Getting published

The publicist: Alison Barrow on the role of publicity in the publishing process

Alison Barrow
Alison Barrow

1.  You’re a Director of Media Relations. Tell us what that means in one sentence?

I'm responsible for publicising new books and writers across national media, on and offline, for arranging events and creating a promotional strategy which drives book sales.

2.   What is a typical day like for you?

Ha!  There is no typical day!  I could be writing a press release, meeting journalists, creating a pitch for a new book, travelling to literary festivals with writers, setting up an events tour, media training with an author... It is nothing if not varied!

3.  How do you work with authors to make their book a success? 

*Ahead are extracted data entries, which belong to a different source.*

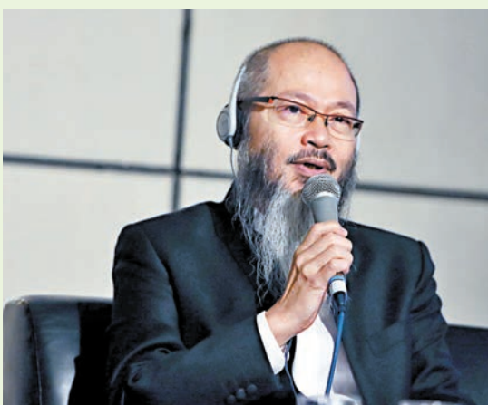
●陳世英認為，珠寶工匠需盡可能去學習不同領域的知識。圖為陳世英2016年作客香港書展。

作為當代中國最重要的珠寶藝術家之一，陳世英的珠寶創作寄情於山水，將中國傳統文化、哲學和智慧融入作品之中，在國際珠寶設計界獨樹一幟。日前，「千年萬念：陳世英半世紀珠寶藝術」展覽在上海博物館東館舉辦，展出《悟禪知翠》《王者歸來》等200餘件藝術傑作，是全球範圍內規模最大的陳世英個人藝術展。「東方氣韻」何以閃耀於世界珠寶藝術之林？東西方珠寶界如何通過「中西合璧」共謀未來？近日，陳世英在上海接受中新社專訪。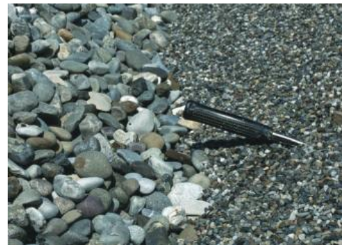
Klassierung in Feinkies und Grobkies

Gewinnung: Die Gewinnungstechnik richtet sich nach der Festigkeit, der Mächtigkeit und der Grundwasserführung der Kiesablagerungen. Im Oberrheingraben herrscht aufgrund des meist geringen Grundwasserflurabstands Nassbaggerung mit großen schwimmenden Greifer- oder Saugbaggern vor, die Tiefen von 80 m und mehr erreichen können. Über schwimmende Bandanlagen sind diese mit dem Kieswerk verbunden. Im Alpenvorland erfolgt Trockenabbau mit Baggern und Radladern, in nagelfluhreichen Vorkommen wird bisweilen auch Sprengtechnik eingesetzt. Eimerkettenbagger sind allgemein nur noch selten in Nutzung. Bei allen größeren Kiesgruben ist die Aufbereitung (Vorabsiebung, Waschen, Klassierung, Splitterzeugung usw.) unmittelbar angeschlossen; Kiese und Sande aus kleinen Abbauen in geringmächtigen Vorkommen werden meist in mobilen Anlagen oder in einer zentralen Anlage aufbereitet, die mehrere nahe gelegene Gruben bedient. Erzeugt werden in den Kies- und Sandgruben Baden-Württembergs Natursande, Brechsande, Rundkiese, Kies-Sand-Gemische, Splitte und Brechsande, Edelsplitte und Edelbrechsande, Schotter und kornabgestufte Gemische.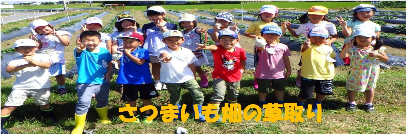
さつまいも畑の草取り

早いもので、1学期も最後の月になりました。「初めて」がいっぱいで緊張していた子どもたちもずいぶん慣れて、たくさんの笑顔を見られるようになってきました。学習内容もひらがなやたしざんなど、すべての学習の基礎になることを学んでいます。初めての長期休業に向けて、基礎を定着させながら、あと1か月何事にも精一杯取り組ませていきたいと思います。

My involvement can start even before we acquire a book. I am part of a team which determines if a prospective book is promotable, how it will sit within the market or disrupt it, what the pitch would be, evaluating the strengths of a writer and what kind of publicity we will be able to create around a book. My involvement with the writers we publish is personal and bespoke to each one and lasts throughout the publishing process - on acquisition, pre-publication, on launch, afterwards, through to next book and beyond. My day is filled with lively, creative and stimulating conversations with writers.

4.  What’s the most exciting part of your job?

The variety. The privilege of working on the publication journey with a writer and enjoying the success alongside them. That can range from a terrific review in a national paper, through to a successful event, through to major global sales and acclaim - all of it!  I love my job. 

5.  The Girl on the Train gained a huge amount of attention on Twitter. How important is it for new author to be on social media?

Well here's the thing. It's not for everybody. But social media has become a live and immediate way of sharing recommendations, celebrating the good, provoking debate, posting opinion. It took me a long while myself to get to grips with it and I'm still learning, but it has become a vital part of my PR toolbox and I would be always delighted to help any writer navigate their way around it.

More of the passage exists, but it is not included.